• TASK INSTRUCTIONS:
Only the lines from the beginning of the entries through the one that holds "בחלון שיפתח אפשר" may appear in the answer, written out exactly and free of pictures.

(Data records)
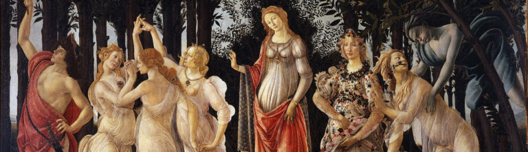 The complicated allegory combines elements from the classical authors Ovid and Lucretius as well as the Renaissance poet Agnolo Poliziano. From the left, we see the messenger god Mercury poking at tree boughs laden with fruit; next to him, the Three Graces dance charmingly in provocatively diaphanous robes, while the figure at the center of the composition is likely Venus, above whom the blindfolded Cupid aims his love-bearing arrows. To the far right, the bitter wind Zephyrus chases the nymph Chloris, who transforms into the flower-covered Flora, the goddess of Spring. Demonstrating Botticelli’s amazing attention to detail, over 200 distinct species of plants can be identified in the painting.
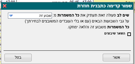 בחלון שיפתח אפשר לבחור אם לשמור את השבוע עם או בלי שיבוצים ולאשר.
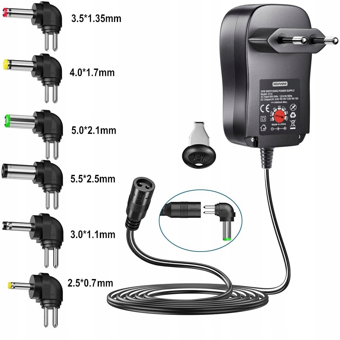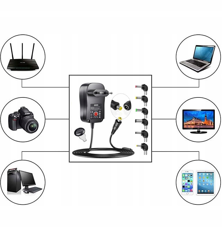 Uniwersalny zasilacz sieciowy z regulacją napięcia i dodatkowymi końcówkami to idealne rozwiązanie dla każdego, kto korzysta z różnych urządzeń elektronicznych. Dzięki szerokiemu zakresowi napięcia (3V–12V) oraz 6 wymiennym końcówkom, bez problemu dopasujesz go do większości sprzętów dostępnych na rynku.
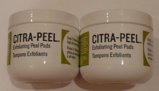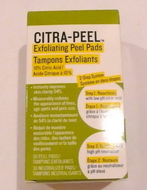 打開盒子後有兩罐長相一模一樣的東西,罐子上用英文標示STEP 1和STEP 2,裡面也都是長相一樣的圓形化妝棉,一面有押花顆粒,另一面則是平滑的。STEP 1是用來進行果酸作用,把臉洗乾淨後在臉上輕輕按摩(避開眼唇周圍),然後等待5分鐘後,再用STEP 2的化妝棉輕輕擦拭按摩,終止果酸作用並且調理肌膚,最後用冷水洗淨,就可進行一般的保養步驟。
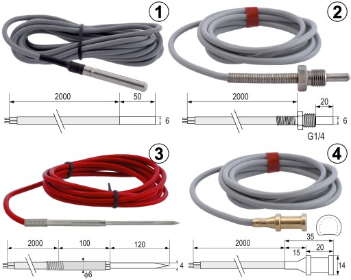 - Czujnik z gwintem 1/4" np: wkręcany za pomocą redukcji w instalacje C.O., C.C.W lub C.W.U
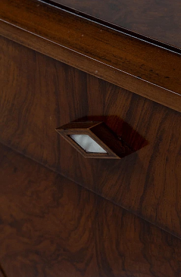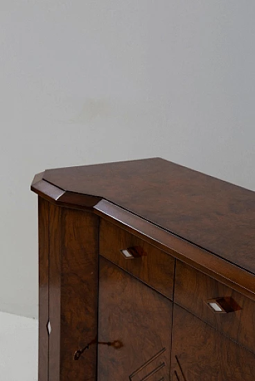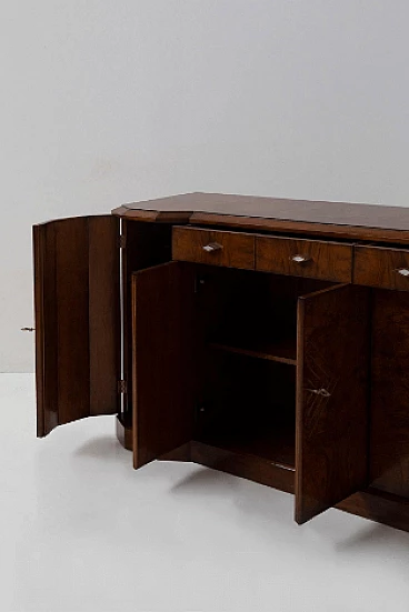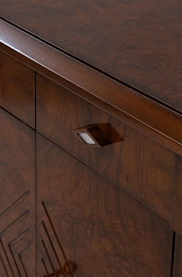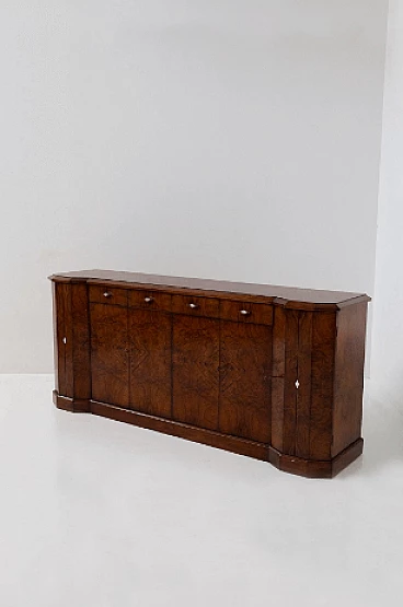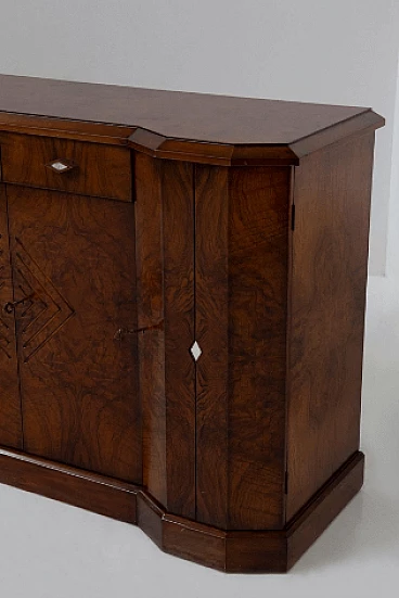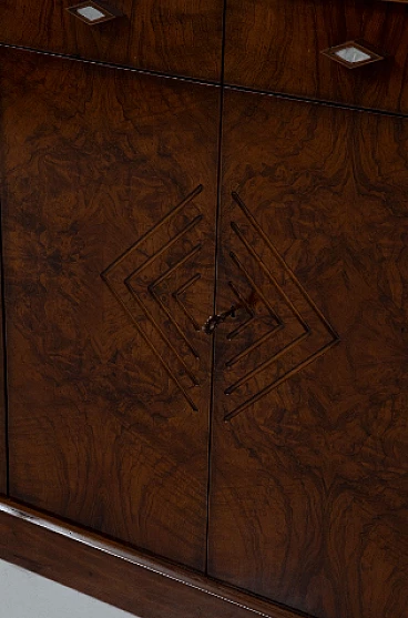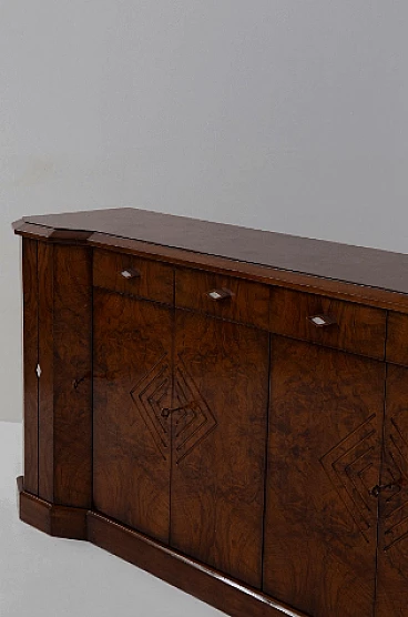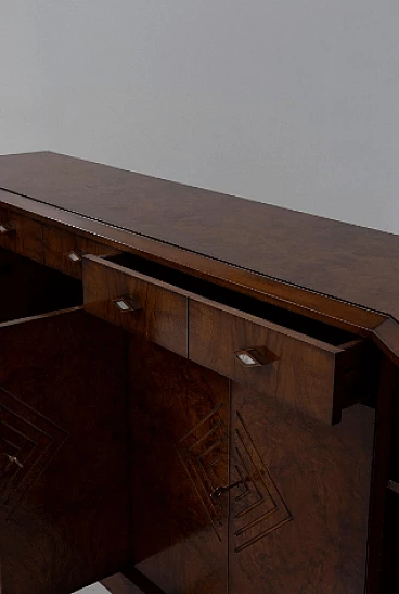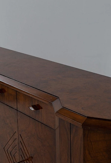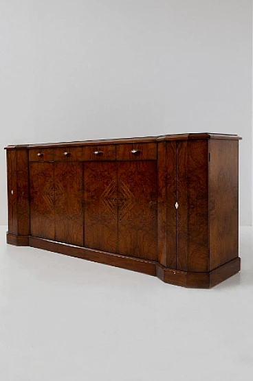 Credenza stile Art Déco in radica di noce, anni '70. Questo pezzo è una testimonianza dell'impareggiabile maestria degli artigiani italiani e mette in mostra la bellezza senza tempo dell'elegante legno, con le sue affascinanti venature messe in risalto con grazia. Ogni centimetro di questa credenza trasuda raffinatezza e maestria, con eleganti linee geometriche che rimandano all'epoca d'oro dell'Art Déco. Il suo design rende omaggio all'opulenza e all'eccellenza di quel periodo straordinario, rendendolo un vero tesoro per i collezionisti e gli intenditori. Le ante sono intricatamente decorate, vantano intarsi ipnotici che aggiungono un tocco di fascino etereo. All'interno delle sei ante si trovano scomparti accuratamente lavorati e che offrono ampio spazio per riporre oggetti vari. Stile e funzionalità coesistono in perfetta armonia all'interno di questo mobile. I quattro cassetti, impreziositi da elegantissimi pomelli a forma di rombo, invitano a esplorare il loro fluido movimento di scorrimento; aprendoli viene rivelato un interno ben organizzato, che offre sia praticità che eleganza. Non presenta danni o rotture, solo leggerissimi graffi in alcune parti.
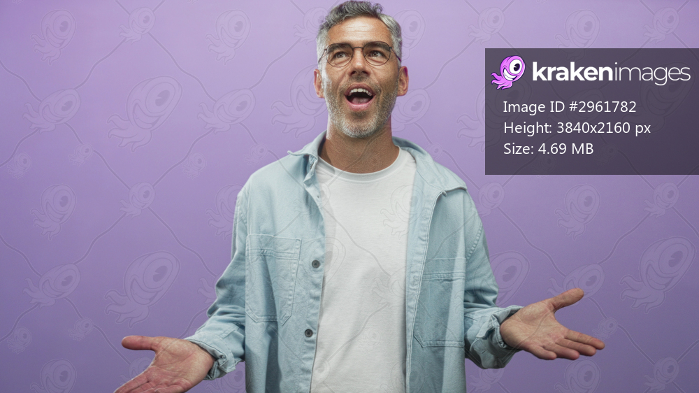 Man smiling with hands raised, palms up and clapping in a purple studio while occasionally touching his face; joy playful.
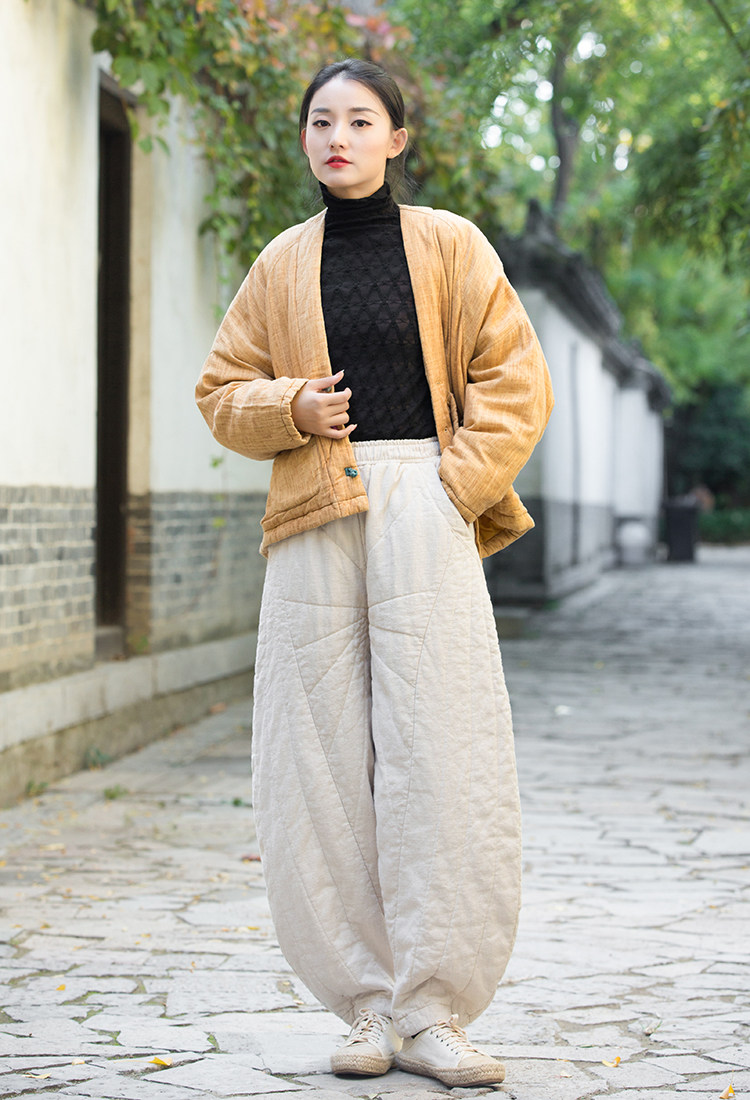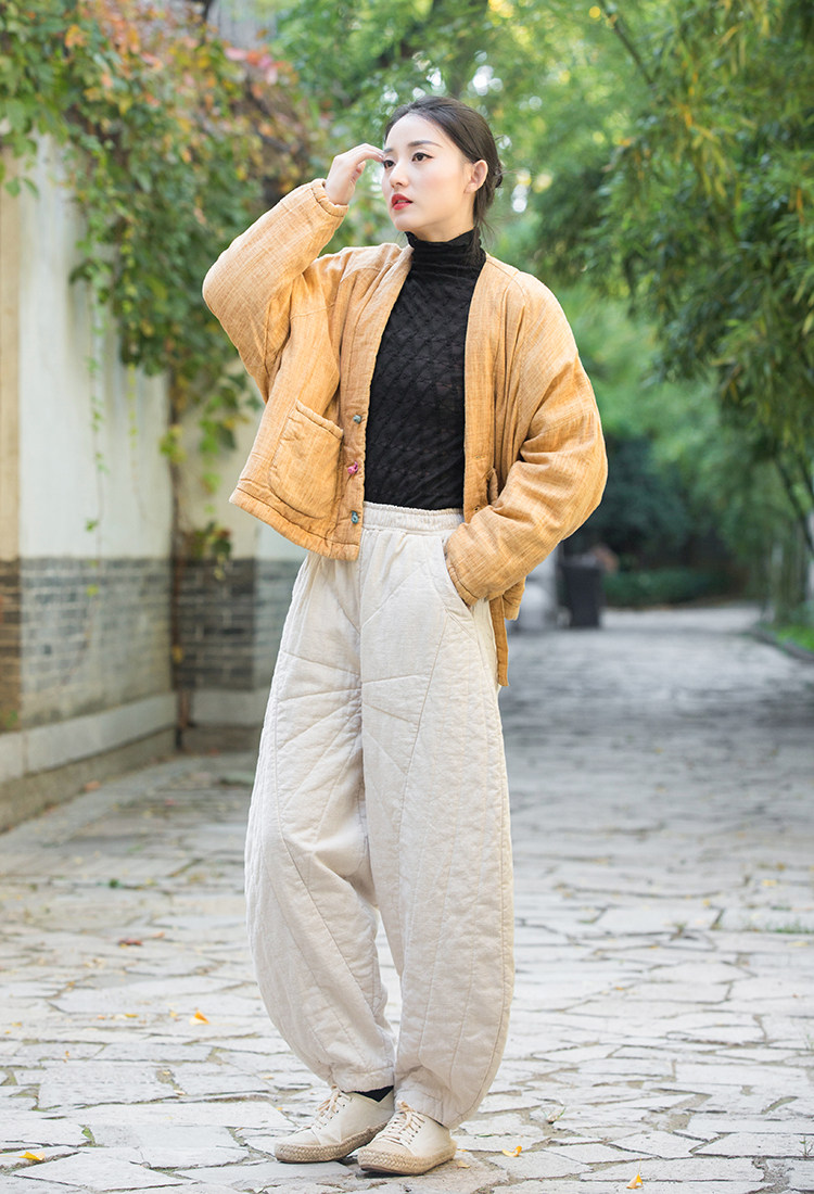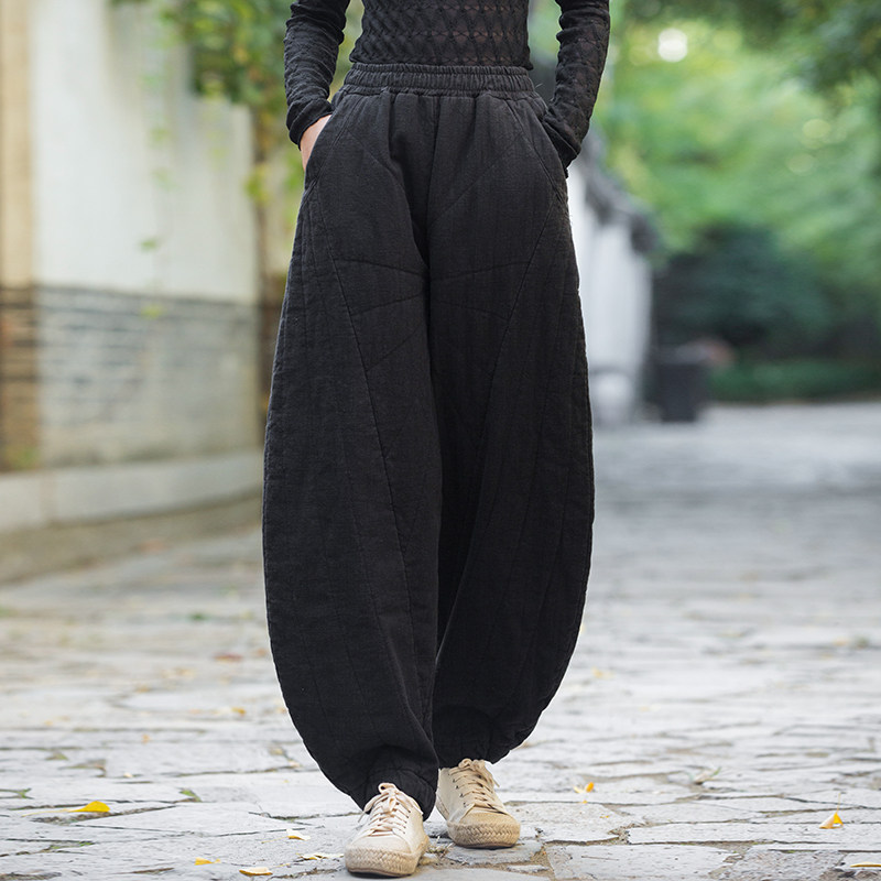Quilted Thickened Long Pants for Women, New Chinese Style, Cotton and Linen Quilted Pants, Ramie Retro Loose Lantern Pants, Outerwear Cotton Pants

• SOLUTION:
 The complicated allegory combines elements from the classical authors Ovid and Lucretius as well as the Renaissance poet Agnolo Poliziano. From the left, we see the messenger god Mercury poking at tree boughs laden with fruit; next to him, the Three Graces dance charmingly in provocatively diaphanous robes, while the figure at the center of the composition is likely Venus, above whom the blindfolded Cupid aims his love-bearing arrows. To the far right, the bitter wind Zephyrus chases the nymph Chloris, who transforms into the flower-covered Flora, the goddess of Spring. Demonstrating Botticelli’s amazing attention to detail, over 200 distinct species of plants can be identified in the painting.
 בחלון שיפתח אפשר לבחור אם לשמור את השבוע עם או בלי שיבוצים ולאשר.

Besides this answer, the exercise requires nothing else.